In a society built on wealth and position, the small pond / big fish enclave of Eden’s Glen, all is image. Most of the novel is set on the golf course of an exclusive country club in the Midwest, the social crux of the entire community. Gossip is rife and hero worship rampant, none so greatly favored as Ann and Preston Baird Winthrop, putative king and queen of Eden’s Glen.

Anne and Preston have invested in their own press. It is all the more shocking, then, when the marriage is rocked by Preston’s admission of infidelity. Anne’s immediate reaction becomes a blueprint for further actions: of course she can’t sleep in the same room; of course she can’t live under the same roof. Internalizing her pain and sudden insecurity, Anne turns to absolutes instead of solutions, as though she is trapped in the box of society’s expectations.
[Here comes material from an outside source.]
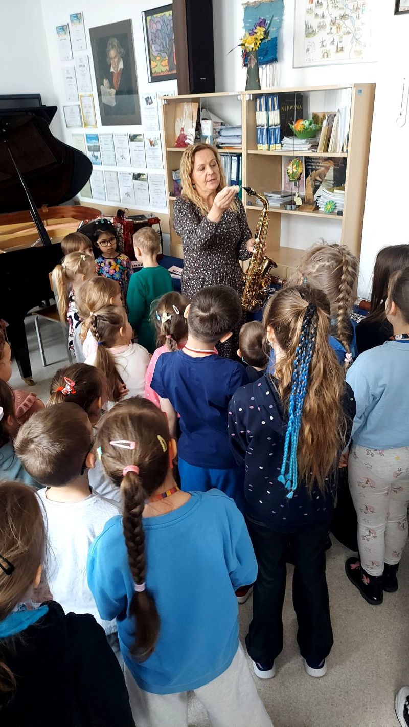 Na miejscu przywitali ich młodzi muzycy – uczniowie szkoły, którzy z dumą zaprezentowali swoje umiejętności podczas specjalnie przygotowanego koncertu. Dzieci z zapartym tchem słuchały brzmienia fortepianu, skrzypiec, wiolonczeli i wielu innych instrumentów.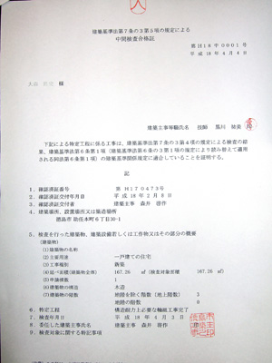 2006/4/17O邸 (徳島市下助任本町) ~中間検査~財)住宅保証機構とは別に、建築基準法に基づき 木造建築物で地階を除く階数が3以上のものに該当するため 中間検査もうけます。建築課へ納める申請手数料は15.000円です。

A woman who has never once entertained self-doubt, Anne is rendered helpless. As for Preston, he continues his daily routine at the family-owned bank, responding to crisis as clumsily as his wife, neither of them selfless enough to give a thought to their teenaged son. The result is devastating, a grand drama of clashing egos unaccustomed to compromise.

The problem with these characters – and everyone in this novel - is that they are products of the modern world: self-serving, desperate to rise to that next level in a fish bowl of a town where nothing goes unremarked. Norman Bond, the boorish newcomer to town, bullies his way into the country club, only to be the brunt of sly jokes. Oblivious, Norman dogs Preston, seeking a wedge as though money and opportunity will purchase him cache and acceptance.

His newly religious wife seeks comfort in her church. Then there is Vicky Thayer, who owns a dress shop and aspires to be Anne’s exclusive confidant, only to betray Anne’s secrets and bask in the attentions of the curious. Nor are the young people exempt for a surfeit of self-involvement, from Anne’s confused, laconic son to Piggy, a vicious young man aptly nicknamed after a character in The Lord of the Flies.

Nevertheless, Trees has written a compelling novel, capturing my attention like a roadside accident. There is not one redeeming or likeable character in the story, as though all are infected by the isolation of their world, the exclusivity that breeds a slew of those who covet “the good life.” It ends predictably in tragedy, a tale of betrayal, ambition and complacence for those with a taste for reality laced with cynicism and opportunism, a Nietzschean Garden of Eden.